Teenagers’ bodies and minds undergo significant transformations during puberty, which can cause discomfort or worsen any existing concerns with body image. Do you know how I can help you? Fitness. Here’s how exercise can help teens manage puberty!
Tweens and teens who engage in regular physical activity may feel more in control of their bodies as they transition into adulthood. Regular exercise can help adolescents maintain a healthy weight and cope well with stress (even as their hormones compel them to add pounds).
Even as your teens get more self-reliant, they still need you to talk to them about their weight and health.
Male Sexual Development and the Coming of Age
Physically, boys become more athletic when they reach adolescence. Even obese boys can be motivated to increase their physical activity, but obese boys may avoid it because they are ashamed of their weight.
Boys at this age may be very stressed to “bulk up” and bulk up. And harmful actions can result as a result of that. According to a study published in Pediatrics, teens who engage in some muscle-enhancing practices may be increasing, particularly among athletes and overweight children.
The research subjects were nearly 2,800 students (boys and girls) from 20 different middle and high schools. They discovered five distinct methods by which children of this age attempt to bulk up. Changes in eating and exercise habits could be beneficial. Overconsumption of protein, as well as the use of anabolic steroids, are all viewed as harmful. Nearly one in five teens did three or more of these activities.
According to the authors of this study, kids are engaging in these practices to feel better about their bodies because of our culture’s emphasis on being thin and muscular (not necessarily for good health). To help kids understand what is good and what is not when it comes to gaining muscle and shedding fat, parents or doctors must educate them.
Puberty and Girls
Understandably, puberty can be a difficult time for girls. Those who go through puberty early may feel self-conscious about their growing curves and newfound sexuality. Those who mature later than their contemporaries feel that they’re being left behind.
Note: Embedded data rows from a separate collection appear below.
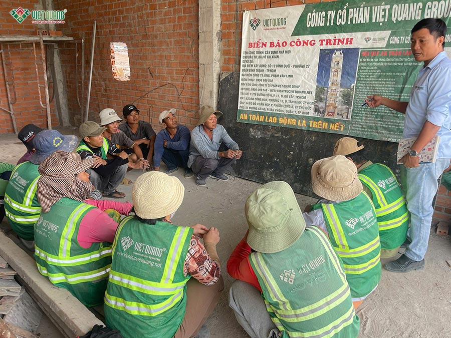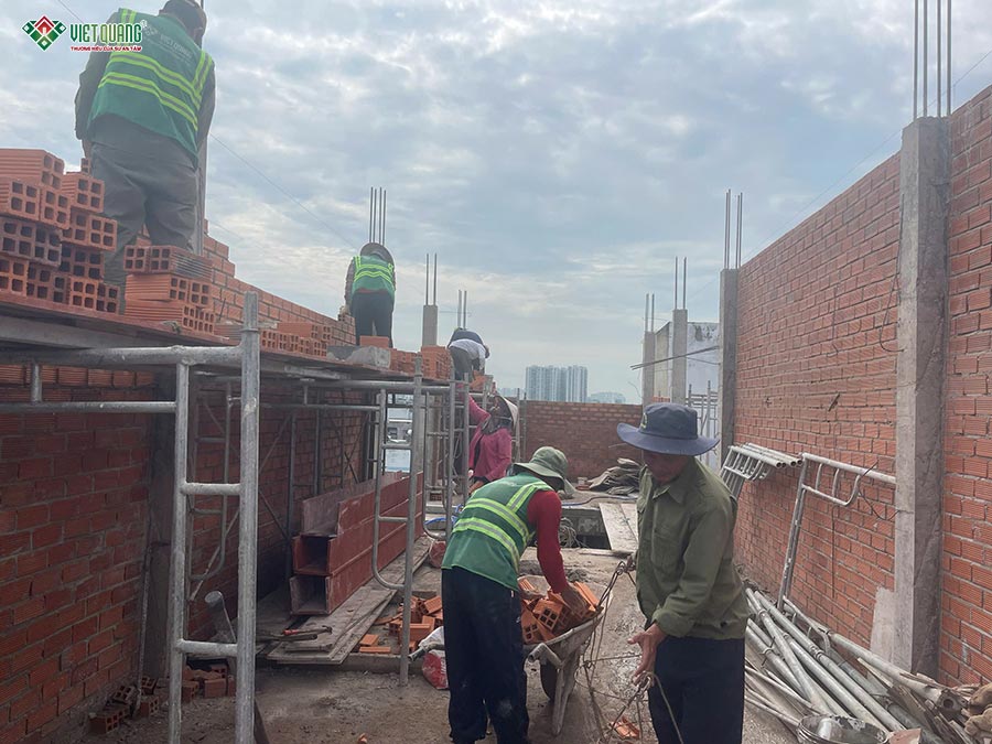 Ngoài ra, quy trình vệ sinh công trường, sắp xếp vật tư, dọn dẹp khu vực thi công được thực hiện liên tục, giữ cho mặt bằng luôn gọn gàng, an toàn. Tất cả các hạng mục đều được nghiệm thu kỹ thuật trước khi chuyển sang giai đoạn tiếp theo, đảm bảo công trình đạt đúng yêu cầu về chất lượng, an toàn và tiến độ.
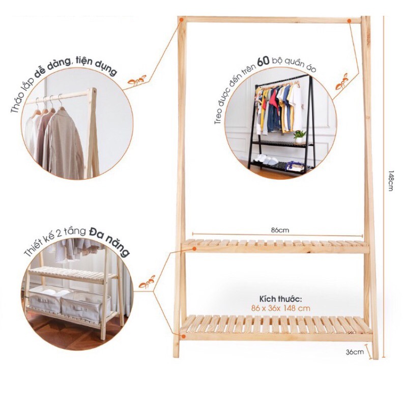 Giá Treo Quần Áo Gỗ - Kệ Treo Quần Áo chữ A loại 1 tầng và loại 2 tầng
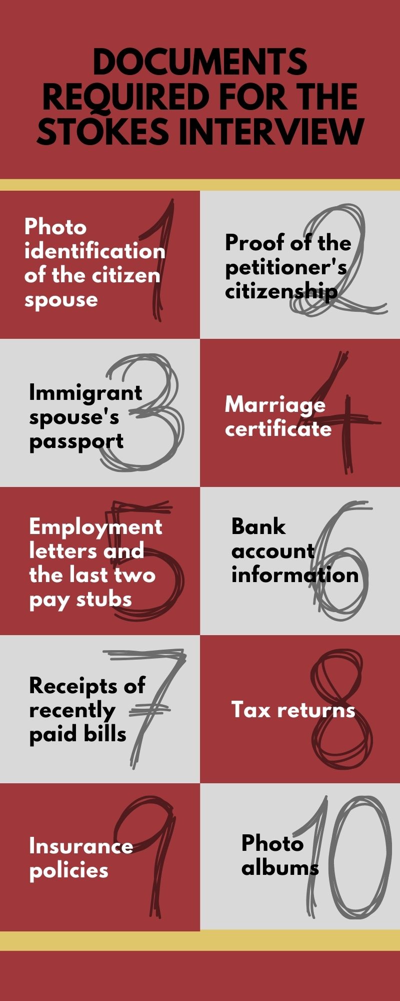 Also called a marriage fraud interview, a Stokes interview is conducted when an immigration officer questions the validity of a couple’s marriage when one spouse is attempting to obtain a marriage green card. The applicants will receive a written notice of this required interview, a list of their rights, and an appointment letter with a list of documents to submit, including:
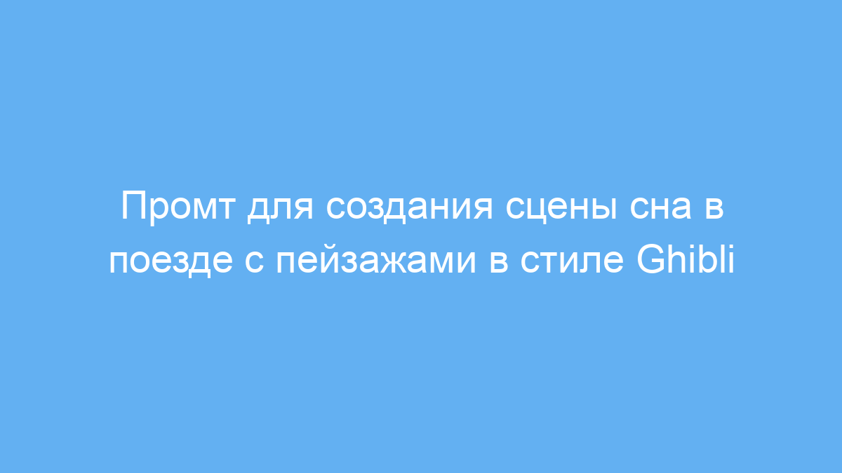Работает промт просто: пользователь вводит его в нейросеть (текстовую или визуальную), и модель создаёт текстовое описание или изображение согласно заданным параметрам — поезд, сон, пейзажи в стиле Ghibli с конкретным светом и эффектами размытия.

It’s typical for females to acquire weight during puberty, yet they may wonder, “Am I fat?” Eating disorders are more likely in people with a negative self-perception (boys, too).
Adolescent girls who participated in a study on muscle-building practices were more likely to alter their diet and exercise regimens. Of course, if done correctly, this may be a positive development! So don’t stop talking to your daughter about making healthy decisions.
The Importance of Sport
It’s fine if your tween or adolescent doesn’t enjoy participating in sports. You don’t want to bring more stress to your teen’s life by making them participate in a team sport.
Physical activity, in whatever shape it takes, is the most important thing for your child. Furthermore, it helps reduce stress while enhancing one’s overall health. That’s why you should help her pick a form of exercise she enjoys. Since exercise can help our teens manage puberty.
If you’d like, you and your friends may join a sports team or learn a new skill together!